Oh, you also might want __extend where operations return the next larger integer size to guarantee that the result fits.

Comparing GCC and Clang security features

sami — Fri, 13 Sep 2019 15:40:49 +0000

> A good intermediate state might be able to rule out indirect calls to functions whose address is never taken

Clang's CFI implementation does exactly this.

Comparing GCC and Clang security features

eru — Fri, 13 Sep 2019 13:31:54 +0000

So using debug information is not an option? (Maybe that takes even more space).
How about something like what coverage instrumentation does? (Which includes adding some initialized constant data structures for each function).
For every function you would store the name, and an array mapping from the offsets of the overflow checks to line numbers. Not very much data there, since not every line needs to be mapped. I assume that after the trap there is some way to figure out the function where it happened and then find the map.

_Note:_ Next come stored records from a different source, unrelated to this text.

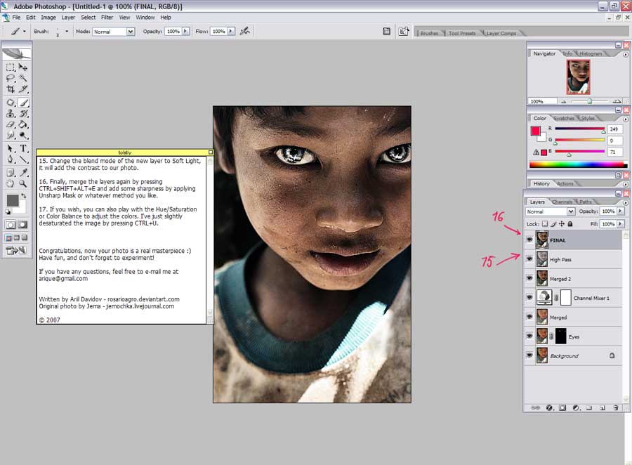 16. Наконец, объединяем слои (CTRL+SHIFT+ALT+E) и немного шарпим картинку. Можете сделать это любым способом, какой вам больше нравится: Sharpen, Unsharp Mask, Smart Mask и т.д. Я лично люблю делать дубликат слоя, ставить его в режим Soft Light и применять фильтр High Pass с минимальными значениями.
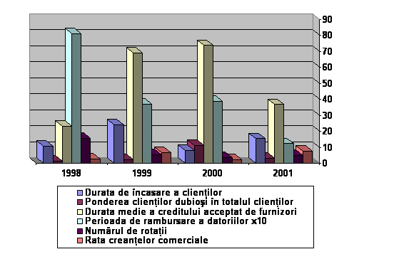 Rata creantelor comerciale inregistreaza in 1998 valoarea de 2,89, crescand apoi in 1999 la 6,62; scade in 2000 la 2,23 si creste in semestrul I 2001 la 7,45. Aceste valori ale ratei comerciale sunt in general valori favorabile, avand in vedere faptul ca unitatea comercializeaza produsele sale preponderent la export, pe baza de contracte si comenzi ferme iar incasarea are loc in termenul legal.
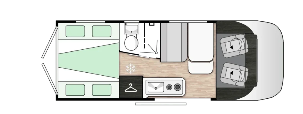 Kompakten in okreten van z dvema ležiščema, solarno celico, LED ambient osvetlitvijo, drsnimi vrati z mrežo proti komarjem in praktičnimi rešitvami za potovanja v dvoje ali manjše družine – vse v elegantni kombi obliki.
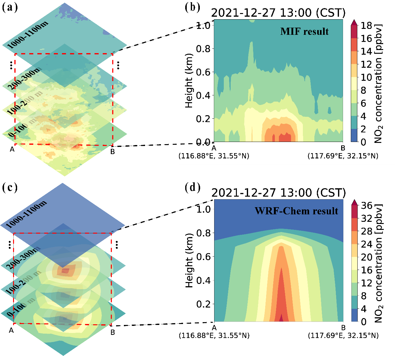 图2. 二氧化氮重建结果与模式模拟二氧化氮结果。其中(b)展示了重建结果识别到的污染物高空传输现象
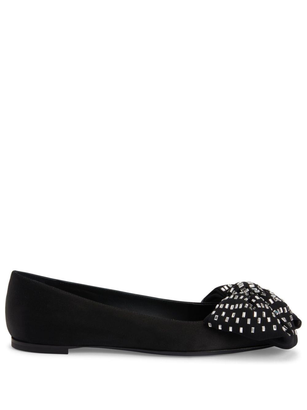 Alexandrine Flat crystal-embellished bow ballerina shoes Highlights - Black - Satin finish - Oversize bow detail - Crystal embellishment - Pointed toe - Slip-on style - Branded leather insole - 5mm low stacked heel - Leather sole Made in Italy Composition Outer: Satin 100% Sole: Leather 100%
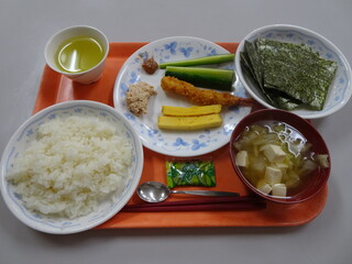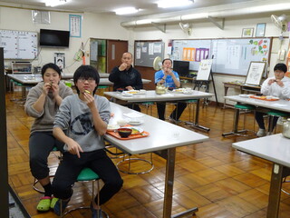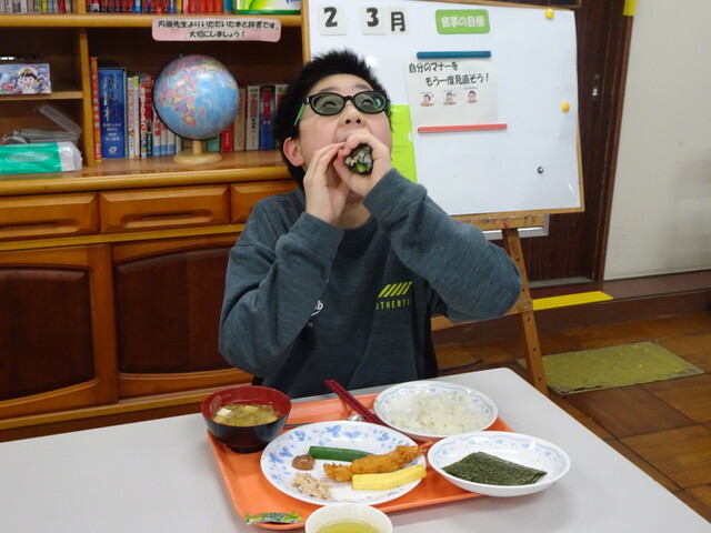 2月3日立春の日に恒例の恵方巻が夕食に出ました。今年の吉方が南南東、みんなで一斉に海苔巻きにかぶりつきました。
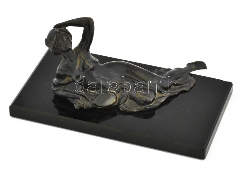 Leírás: Ismeretlen alkotó: Fekvő női akt. Patinázott bronz, sérült üveg talapzaton, h:10 cm
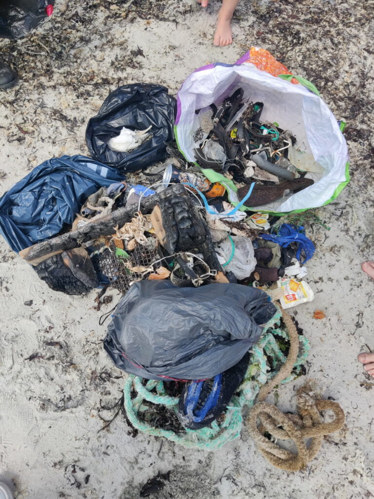 Pas beaucoup de bouteilles en plastique mais beaucoup de déchets lié à la pêche, morceaux de cordage, de filets. Un bidon plastique, une bouteille de gaz sur laquelle poussait des pousses pieds.
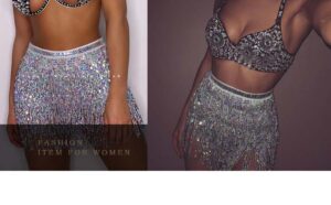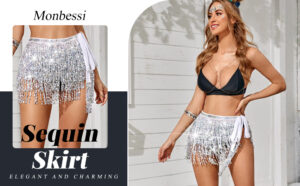 Monbessi Sequin Skirt for Women Cute Tassel Belly Dance Skirt Glitter Skirt for Women and Girls Festival Dance Performance

Comparing GCC and Clang security features

ballombe — Fri, 13 Sep 2019 13:22:46 +0000

Really compilers should just support the keywords __wrap, __trap, __saturate, __overflow and allow to
declare each integer type separately
__wrap long int i;
__saturate unsigned long int j;
__overflow short int k;
etc.
instead of having a global setting.

Comparing GCC and Clang security features

nix — Fri, 13 Sep 2019 13:01:27 +0000

The code bloat here isn't really caused the overflow checks: those are fairly cheap. The problem is printing useful errors (including the locus of the problem) on error. Just a printf call is a lot bigger than the overflow checks, and the error-locus strings right now really explode the number of constant strings in the program.

Comparing GCC and Clang security features

eru — Fri, 13 Sep 2019 12:49:10 +0000

Back when compilers that checked things at run-time were popular, Intel included the single byte instruction INTO (interrupt if overflow flag set) into the x86 instruction set. I think it is still there. Using that the checking would have almost no effect on code size, if you can handle the resulting signal smartly.